We meet three couples, whose kitchens will be both refuge and madhouse on three successive Christmas eves. One kitchen wanderer from the first party declares the living room guests to be “splendidly jolly, booming people” and you immediately know the opposite is true. But you don’t see the disaster first hand. Better yet is the glimpse of what’s going on behind the festivities: panic, mayhem and meltdown.

The cast is pure joy, with David Berger-Jones as the hilariously obtuse host of the first party and Samantha Evans deliciously infuriating as the overwrought, reluctant hostess. The first act does the work of setting up, with Liz Hayes wonderfully off kilter as the wacky, inebriated wife of Bill Mootos’ marvelously unrepentant philanderer. Add the wry Steve Barkhimer as an uninterested banker who’d rather be anywhere else and Stephanie Clayman as his tart tongued wife (her words fairly dripping with sophisticated sarcasm) and you have the sure fire recipe for comic gold.

If only Act II could be played twice, thrice even. I could see it a hundred times, just to watch Liz Hayes fume, despair, roll her eyes up into her head or move her pupils to the side in horror and then, widen them in disbelief. Her tour de force, without speaking a word, is the funniest performance I’ve seen this year. You cannot stop laughing and yet you care about this poor woman, surrounded by morons.

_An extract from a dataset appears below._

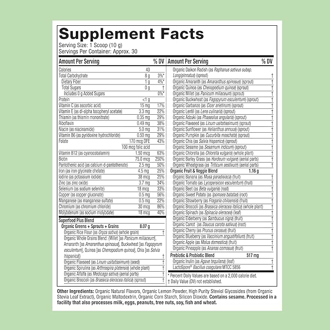 - Support Your Lifestyle Without Compromise: Nourish your body with the power of 39 superfoods and probiotics – all in one clean, convenient scoop. This nutrient-packed powder is easy-to-digest, making it effortless to fuel your body.

Gidron knows how to gild the lily, so everyone gets into the act. There’s an Edward Scissorhands-Mootos moment, not to mention Barkhimer’s leap to safety on top of the kitchen table…where, of course, he isn’t, which is simply priceless when all hell breaks loose. Act III gives Clayman the splendid chance to run roughshod over her visitors, especially Mootos, squashed like a cushion into an easy chair.

Ayckbourn has written over seventy plays, all of them gems. Maybe Nora could do one a year for the next decade or so. That would make me deliriously happy.